Les données montrent que sur les courses de 50 kilomètres, les hommes sont en moyenne 10 à 15 % plus rapides que les femmes. Sur les 100 kilomètres, cet écart tombe à 5 à 10 %. Au-delà de 300 kilomètres, l'écart n'est plus que de 1 à 2 %, et il disparaît complètement sur les distances extrêmes.

Des implications pour l'entraînement et la compétition

Ces résultats pourraient avoir des implications importantes pour l'entraînement des athlètes et pour l'organisation des compétitions. Les entraîneurs pourraient adapter les programmes d'entraînement en tenant compte de ces différences physiologiques, et les organisateurs de courses pourraient envisager des catégories mixtes ou des podiums communs sur les ultra-distances.
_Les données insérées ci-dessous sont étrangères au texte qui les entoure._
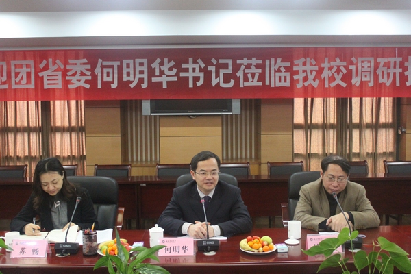在观看OD(中国)一站式服务平台“青春激扬·2012”共青团专题片,听取了校团委工作汇报后,何明华特别感谢学校党政对共青团工作的大力支持。他指出,师大共青团工作具有一贯的优良传统,扎实有为,锐意创新,为我省共青团工作提炼和输送了一批有示范性的好经验好做法;盛赞OD(中国)一站式服务平台团学干部充满激情,有战斗力,对推进共青团事业发展满怀热忱和信心。他希望OD(中国)一站式服务平台共青团在学校党委的领导下,继续秉承优良传统,大胆先行先试,多做探索性、创造性工作,在团结高校青年知识分子和引导大学生树立正确择业观等重点工作方面努力探索典型经验;希望学校共青团干部勤于学习,善于思考,保持良好的精神状态,推动学校共青团工作再上新台阶。

« Les femmes ont longtemps été sous-représentées dans les courses d'ultra-endurance, mais leur nombre augmente rapidement », note le Dr. Millet. « Cette étude montre qu'elles ont non seulement leur place dans ces épreuves, mais qu'elles peuvent aussi y exceller. »

Les chercheurs espèrent que ces découvertes encourageront davantage de femmes à se lancer dans l'ultra-endurance et contribueront à briser les barrières de genre dans le sport de haut niveau.